Doron echoed that statement. "They have a different approach. They really are trying to reach that zero COVID status, but that in it itself will affect supply chains and other things like that."

Is BA.2 in Massachusetts?

Health experts said as far back as February that stealth omicron was probably already in Massachusetts.

When asked at the time how likely it was that the new subvariant was in Massachusetts already, Doron said, "Pretty likely."

"What we've learned is that, variants that are seen in other parts of the country don't always take hold here, but they always get here to some extent," she said. "So I think that we will find out that we have BA.2 in Massachusetts any day now."

Later that same week, Massachusetts General Hospital said stealth omicron had been identified in the state.

The Centers for Disease Control and Prevention reported earlier this week that the BA.2 subvariant makes up nearly a quarter of all coronavirus variants now circulating in the U.S. And in states such as Connecticut, Maine, Massachusetts, New Hampshire, Vermont and Rhode Island, the subvariant now makes up about 38.6% of total cases.

What else should you know?

Based on how quickly new variants have arisen, some experts suggest the next one could arrive as early as May.

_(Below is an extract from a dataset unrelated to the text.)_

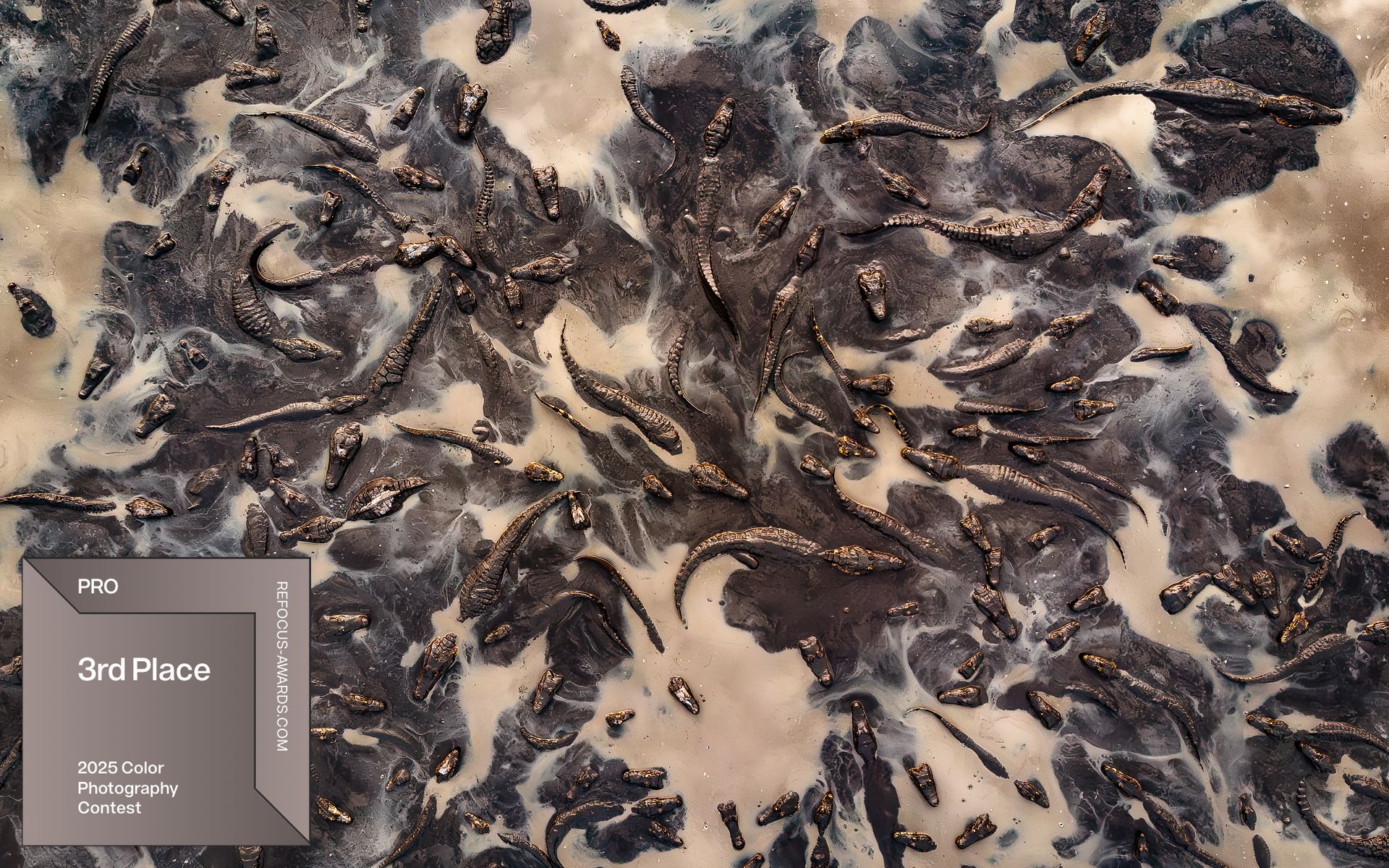 The photo was captured using a drone, with the camera aimed straight down to emphasize the graphic quality of the scene. From that vantage point, the chaotic textures and swirling forms created by the caimans and the drying mud take on an almost abstract quality. That was precisely the effect I was aiming for—transforming a moment of harsh environmental reality into something that invites closer inspection. At first glance, viewers might see an abstract pattern or even a painting, but as they look more closely, the details begin to emerge, revealing the powerful story behind the image.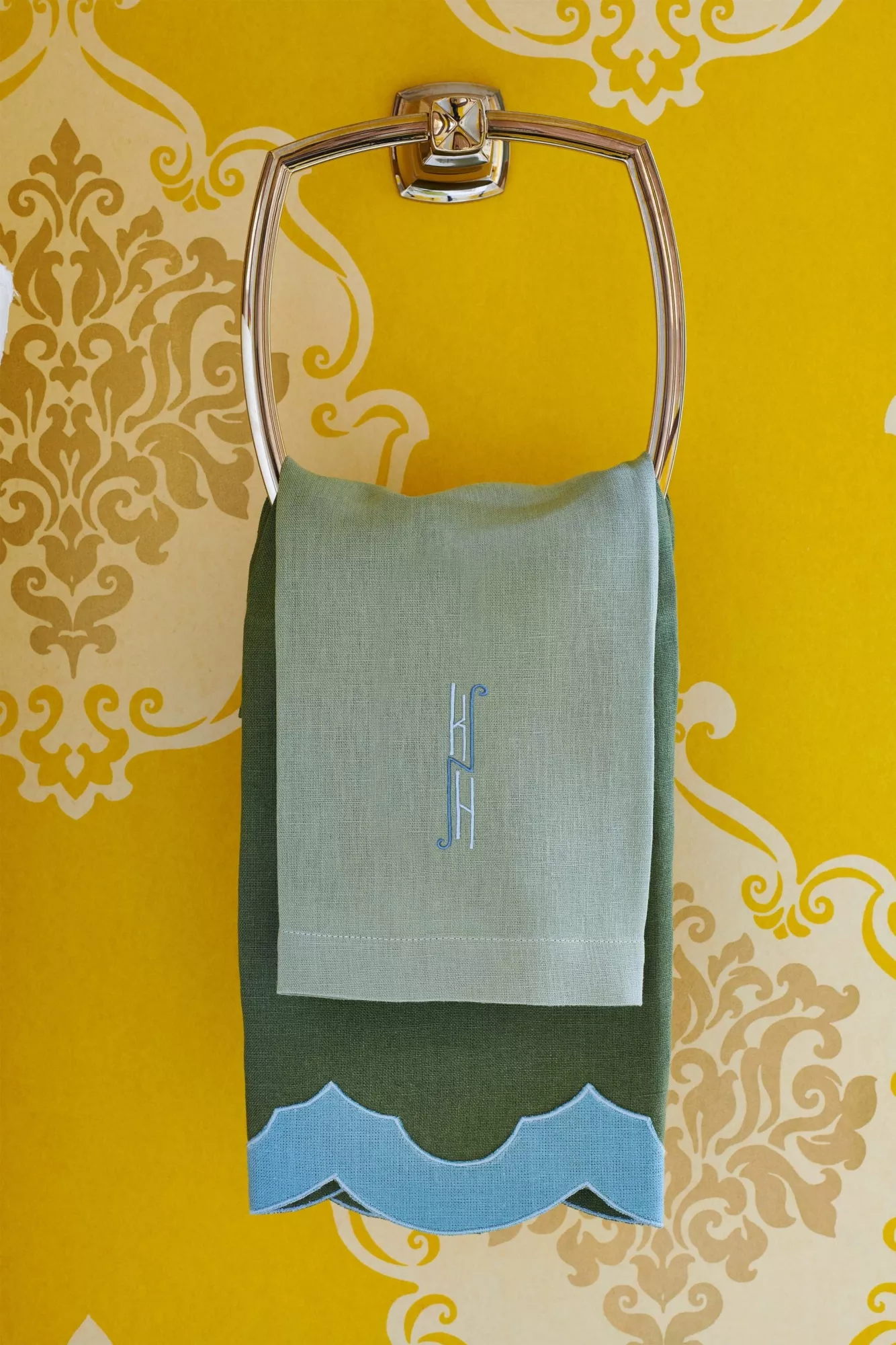 The larger towel in this set features deep green linen finished with the Webster applique border in a soft blue. This towel could easily work on its own, or be paired with a fingertip towel as seen here!

Health officials say they are certainly expecting more variants to emerge, but it remains unclear if such variants will be more or less severe than previous strains.

The biggest indicator of how severe a new variant could be comes from immunity and vaccination, experts agree.

"People seem to forget or not really understand that when you get vaccinated, you're less likely to be infected and because you're less likely to be infected, you're less likely to transmit," Assoumou said earlier this year.

"Even if you became infected, you will shed for shorter periods of time because you will you will have a more rapid clearance of the virus," added Kuritzkes. "That you're going to be infectious for a shorter period of time is a very important point, because that's how vaccination helps to contribute to the control of disease."